Search code examples
pythontextword-cloud

Removing chars/signs from string


I'm preparing text for a word cloud, but I get stuck.

I need to remove all digits, all signs like . , - ? = / ! @ etc., but I don't know how. I don't want to replace again and again. Is there a method for that?

Here is my concept and what I have to do:

  • Concatenate texts in one string
  • Set chars to lowercase <--- I'm here
  • Now I want to delete specific signs and divide the text into words (list)
  • calculate freq of words
  • next do the stopwords script...
abstracts_list = open('new','r')
abstracts = []
allab = ''
for ab in abstracts_list:
    abstracts.append(ab)
for ab in abstracts:
    allab += ab
Lower = allab.lower()

Text example:

MicroRNAs (miRNAs) are a class of noncoding RNA molecules approximately 19 to 25 nucleotides in length that downregulate the expression of target genes at the post-transcriptional level by binding to the 3'-untranslated region (3'-UTR).
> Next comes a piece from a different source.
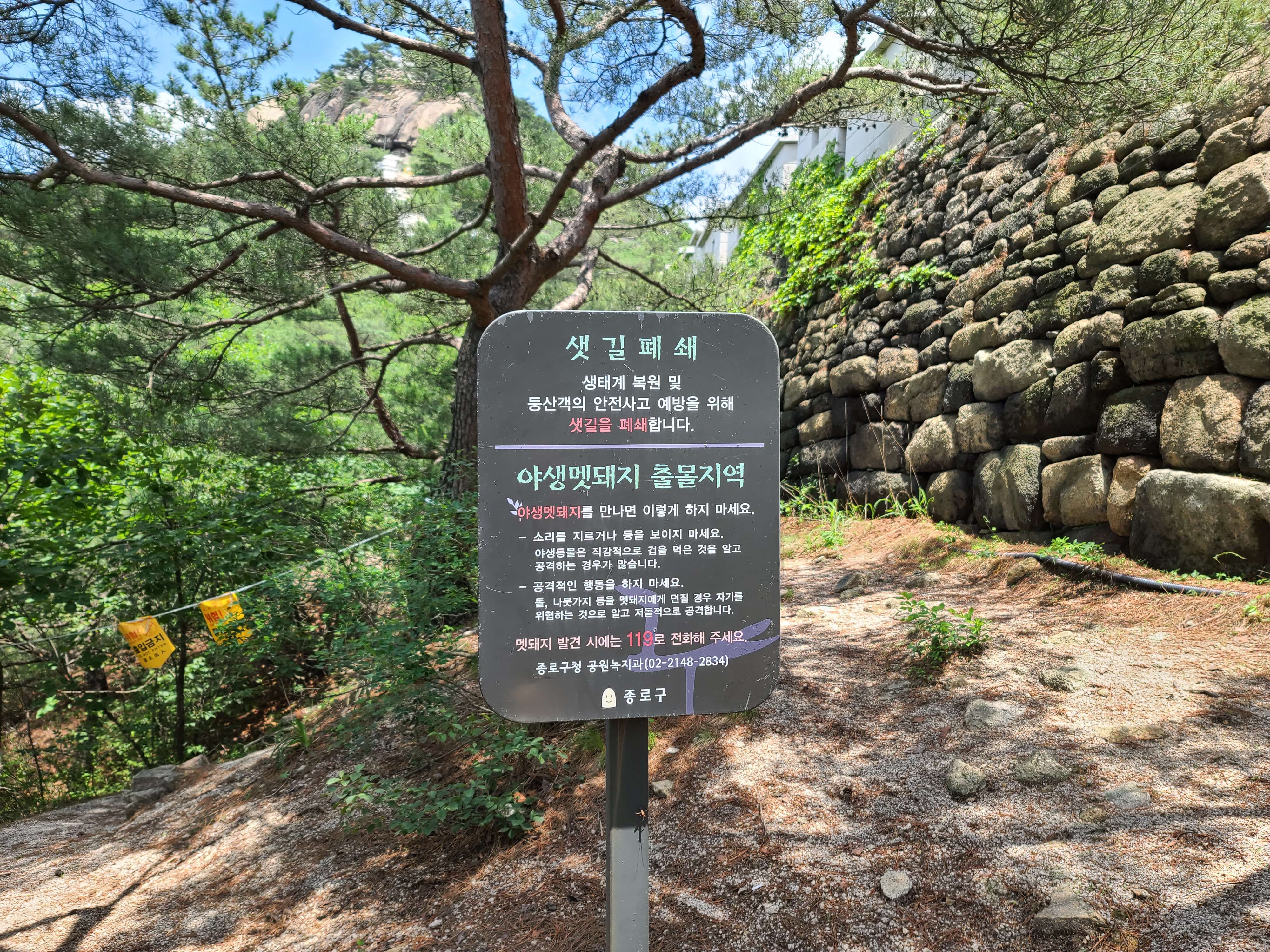 인왕산에는 야생 멧돼지가 출몰하나봅니다.

Epstein-Barr virus (EBV) generates at least 44 miRNAs, but the functions of most of these miRNAs have not yet been identified. Previously, we reported BRUCE as a target of miR-BART15-3p, a miRNA produced by EBV, but our data suggested that there might be other apoptosis-associated target genes of miR-BART15-3p. Thus, in this study, we searched for new target genes of miR-BART15-3p using in silico analyses. We found a possible seed match site in the 3'-UTR of Tax1-binding protein 1 (TAX1BP1). The luciferase activity of a reporter vector including the 3'-UTR of TAX1BP1 was decreased by miR-BART15-3p. MiR-BART15-3p downregulated the expression of TAX1BP1 mRNA and protein in AGS cells, while an inhibitor against miR-BART15-3p upregulated the expression of TAX1BP1 mRNA and protein in AGS-EBV cells. Mir-BART15-3p modulated NF-κB activity in gastric cancer cell lines. Moreover, miR-BART15-3p strongly promoted chemosensitivity to 5-fluorouracil (5-FU). Our results suggest that miR-BART15-3p targets the anti-apoptotic TAX1BP1 gene in cancer cells, causing increased apoptosis and chemosensitivity to 5-FU.


Solution

  • So to set upper case characters to lower case characters you could do the following: so just store your text to a string variable, for example STRING and next use the command

    STRING=re.sub('([A-Z]{1})', r'\1',STRING).lower()
    

    now your string will be free of capital letters.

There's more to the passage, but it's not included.